Question

Limma fixed and random effects

0

Entering edit mode

jbatsx • 0

@jbatsx-11399

Last seen 7.4 years ago

I have read around and cannot find a similar example to this particular case and I'm still not clear so I apologise if this is a trivial question.

I have data for an experiment which consisted of two diseases and a control group. The disease groups (C1, C2) consists of those which have been treated and those which have not been treated (C1_treat, C1_ntreat). The treated and untreated groups are paired so the sample for treated comes from treated tissue, and the ntreat sample comes from the untreated tissue from the same patient. There are also two control samples from each patient and I should control for this.

An example of the sample data looks like this:

Group	Gender	Hospital	Patient
C2_treat	F	1	5
C2_ntreat	F	1	5
C2_treat	M	2	6
C2_ntreat	M	2	6
CTRL	M	1	1
CTRL	M	1	1
CTRL	F	2	2
CTRL	F	2	2
C1_treat	M	1	3
C1_ntreat	M	1	3
C1_treat	M	2	4
C1_ntreat	M	2	4

I want to perform the following contrasts: C1_treat–CTRL, C1_ntreat – CTRL, C1_treat – C1_ntreat and the same for the C2 group.

The samples come from 3 sampling hospitals, and there appears to be a gender effect (Xist and amongst others in the top DEGs) so I want to control for these factors also. There are several samples which do not have a paired sample so I cannot model patient as a fixed effect as the design matrix is not of full rank.

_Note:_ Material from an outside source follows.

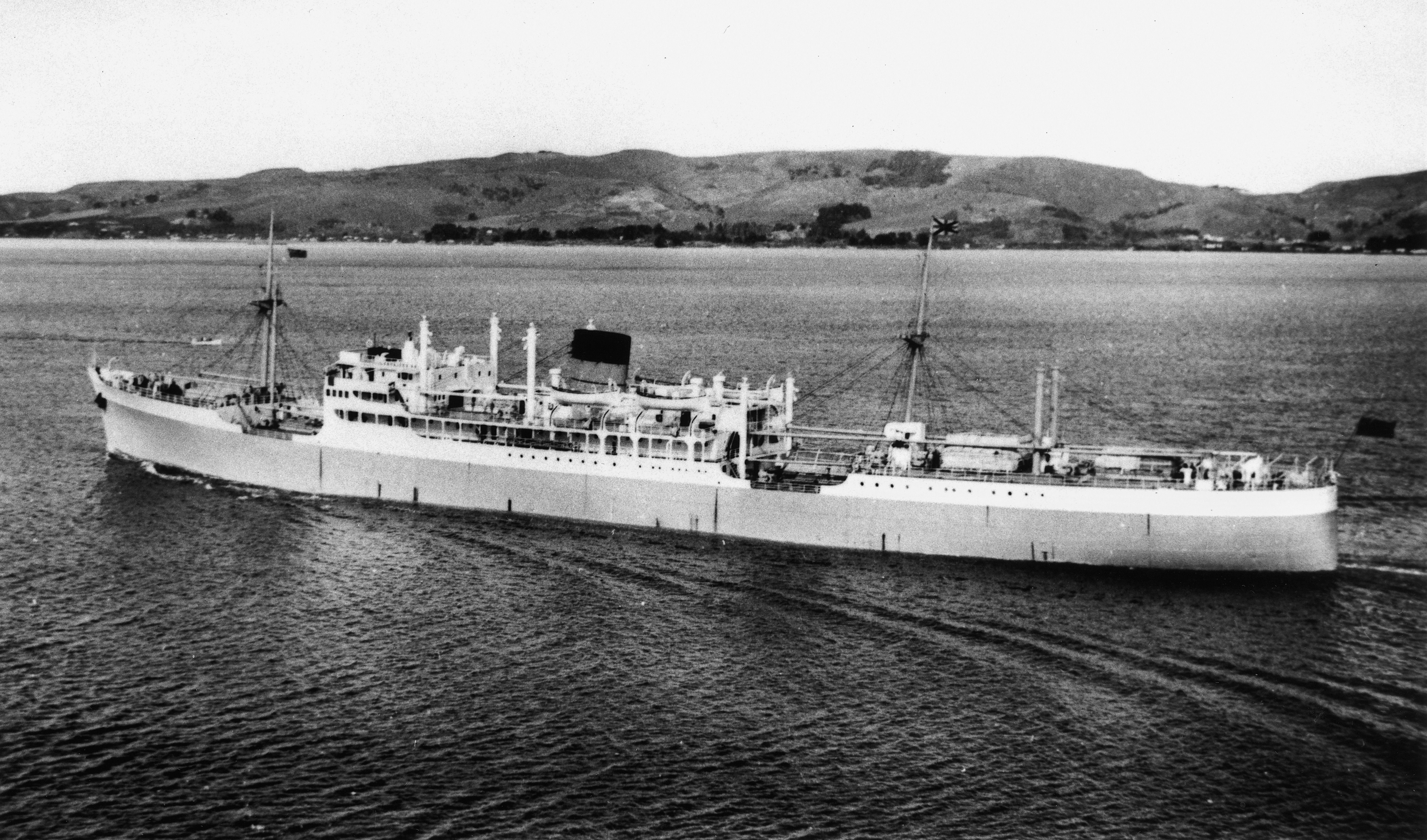 Port Line (Commonwealth and Dominion Line) 11,834 GRT cargo ship MV Port Napier, built by Swan Hunter in 1947 and scrapped in Taiwan in 1970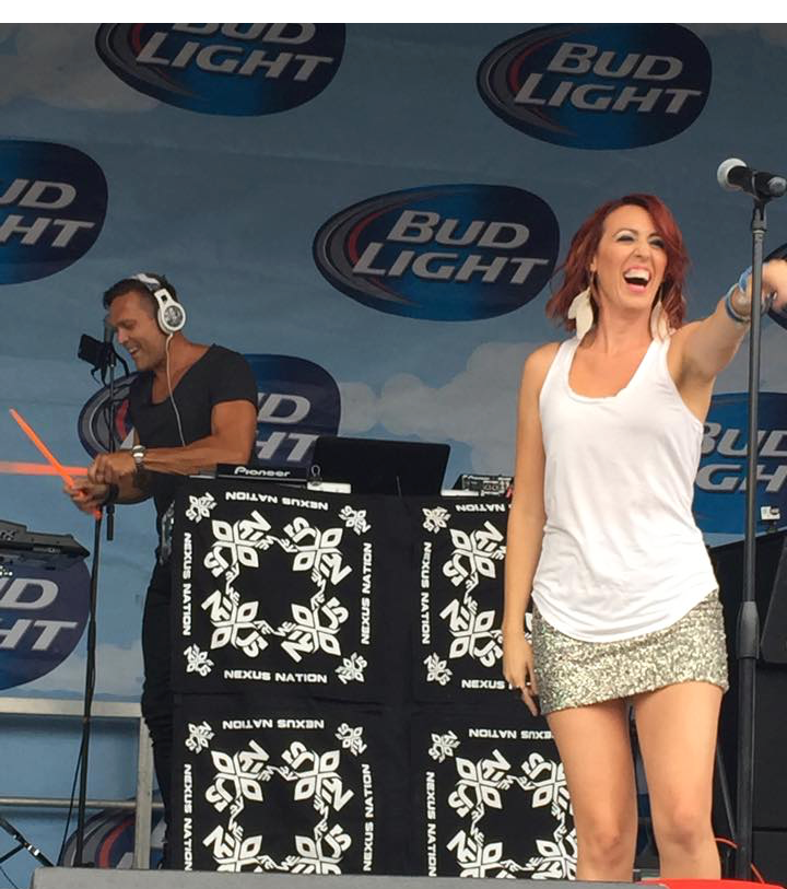 (We Are) Nexus Perform at Market Days Street Fest, 2015 (Chicago, IL)

I am currently modelling gender and Hospital using a fixed effect and Patient as a random effect using this model:

design <- model.matrix(~0 + f + Gender + Hospital)

corfit_main <- duplicateCorrelation(affyTable, design, block = Patient)

fit <- lmFit(affyDat, design,block = Patient, correlation = corfit_main$consensus)

The results are as expected I am just unsure of what duplicateCorrelation is doing here. Is the assumption that the intra-patient correlation is the same for all pairs? Is this assumption valid given that some of the pairs are within control samples, and the other pairs are between treated and untreated patients?

Thanks.

limma • 3.2k views

ADD COMMENT • link updated 7.3 years ago by Gordon Smyth 50k • written 7.4 years ago by jbatsx • 0

score 2 · Answer 1 · 2016-12-19

It depends on how the paired control samples were collected from patients 1 and 2. If, for example, each pair of control samples were just technical replicates of the same sample run on different arrays, then they would be a lot more correlated than the untreated/treated pairs (which, presumably, were collected separately over different days, given typical timespans of treatments for humans). In such cases, it would probably not be appropriate to model them as separate samples in duplicateCorrelation - instead, I would just average them and treat the averaged values as one sample. However, if the collection protocol for the paired controls is the same as that for the paired treated/untreated samples, then what you're currently doing is probably okay.

I don't think you have to worry about the fact that some pairs are comprised of treated/untreated samples. Any treatment effect should have been accounted for by the treatment term (presumably f) in your design matrix. This means that it shouldn't contribute to the correlations between paired samples. Thus, the true correlations should be comparable between all patients (pending the point above). Of course, it's possible that the additive design is wrong, which will manifest as increased variability/reduced correlations for treated/untreated pairs - but that's something you'll just have to accept.

score 1 · Answer 2 · 2016-12-19

The reason that samples from the same patient are correlated is that each patient has their own baseline expression values. This is true whether they get the treatment or not.

You are perhaps misunderstanding what the intra-correlation is. It is the correlation that remains after all the treatment effects have been removed. The fact that some of the samples are treated and some are not does not bias the correlation calculation because the correlation is corrected for any treatment effects. For example, the correlation will not be reduced if one sample is treated while the other from the same patient is not -- the underlying baseline correlation will remain unaffected.

So, yes, the assumption is that the intra-patient correlation is the same for each pair, and this is assumption is usually reasonable. A similar assumption is made by pretty much any random effects analysis you will read in the statistics literature.